Confortiamoci ed esultiamo nel Signore! L’ultimo a vincere sarà Lui, sarà il Signore!  E il Signore vince sempre nella misericordia! Chi vince diversamente passa  e non se ne parla più! Passano i re; passano i conquistatori della terra: Tutto passa: solo Cristo resta! È Dio, e resta! Resta per illuminarci, resta per consolarci, resta per dare a noi nella sua vita la sua misericordia! Gesù resta e vince, ma non nella misericordia!

 

OGNI FOGLIA CHE CADE…

Ogni foglia che cade mi avverte che la vita si dilegua: ogni rondine che emigra mi ricorda i miei cari che lasciarono la terra per l'eternità  e mentre la natura non mi parla che di dolore,

la Fede non mi parla che di speranza.

 

 

Stralci di testimonianza

 

 

NON C’È FERRARI CHE TENGA.

…Non mi importa proprio la Ferrari, basta un po’ di serenità e amore familiare e si trova il coraggio di affrontare quello che ti offre la vita quotidiana, anche se non si sdegnerebbe qualche migliaio di Euro, ma con i soldi non si comprano certi valori. Vuoi mettere il sorriso di Chiara quando mi abbraccia la sera quando rientro dal lavoro in un orario decente o i bigliettini che mi lascia sul tavolino quando va a dormire prima che io sia arrivato. Non c’è Ferrari che tenga.

 

DIVENTARE UNA BRAVA PROFESSIONISTA 

Il lavoro che faccio mi costringe a stare spesso con uomini titolari di aziende molto saccenti. Alcuni di loro credono di poter disporre di tutto ciò che li circonda comprese le persone…Vorrei tanto diventare una brava professionista, per il bene delle aziende, per aiutarle a crescere in trasparenza, chiarezza, qualità, onestà.
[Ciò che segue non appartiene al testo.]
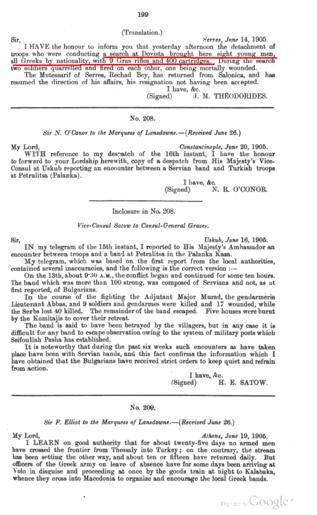 Keywords: Τηλεγράφημα του πρόξενου της Βρετανίας με την είδηση της σύλληψης ομάδας Μακεδονομάχων στη Δοβίστα, β μέρος.GIF el Τηλεγράφημα του ροξένου της Βρετανίας στις Σέρρες Ι Θεοδωρίδη ρος τον Γενικό Πρόξενο της Βρετανίας στη Θεσσαλονίκη με το ο οίο τον ληροφορεί για τη σύλληψη ομάδας ακεδονομάχων στη Δοβίστα α ό α όσ ασμα του οθωμανικού στρατού στις 13 Ιουνίου 1905 β μέρος en Telegram of the British vice-consul in Serres I Theodorides to the General Consul in Salonica R Graves containing the news of the arrest of a Greek band of Makedonomakhoi Macedonian-fighters by Ottoman troops at Dovista on June 13 1905 part b 1906 Parliamentary papers 1850-1908 volume 137 Great Britain Parliament House of Commons other versions PD-old-70-1923 Uploaded with UploadWizard Uncategorized 2015 July 15 |

Ma a volte mi dico sono troppo piccola, sono troppo giovane, ho poca esperienza in tutto, chi mai mi darà udienza? Ma poi continuo a lavorare e a fare ogni giorno qualche cosa di buono.

 

ü                  SO CHE QUESTA È LA "MIA" VIGNA

Ho un lavoro che mi piace  e che ho scelto fin da quando ero ragazzina, una scelta  che è cresciuta in me insieme al mio cammino di fede. E' un lavoro che mi pone quotidianamente di fronte a situazioni di sofferenza e di povertà. E' quindi  un'opportunità privilegiata di testimoniare l'Amore di Dio e la Sua vicinanza, di accogliere e condividere... Sono una fisioterapista, ma a volte  quello di riabilitare, di  insegnare a camminare è solo un aspetto del lavoro che devo svolgere con i bambini e con le loro famiglie. So che questa è la "mia" vigna, la mia porzione di campo in cui devo essere quel seme che muore e porta frutto… 

 

 

Per riflettere…..

                                                                                                                                                                                

§        Cosa ti  colpisce  di Qoelet? Come giudichi la sua visione di vita: pessimista o realista? 

§        Aspirare a far carriera si, ma entro quali limiti?

§        Quali sono, secondo te, i valori da salvaguardare ad ogni costo?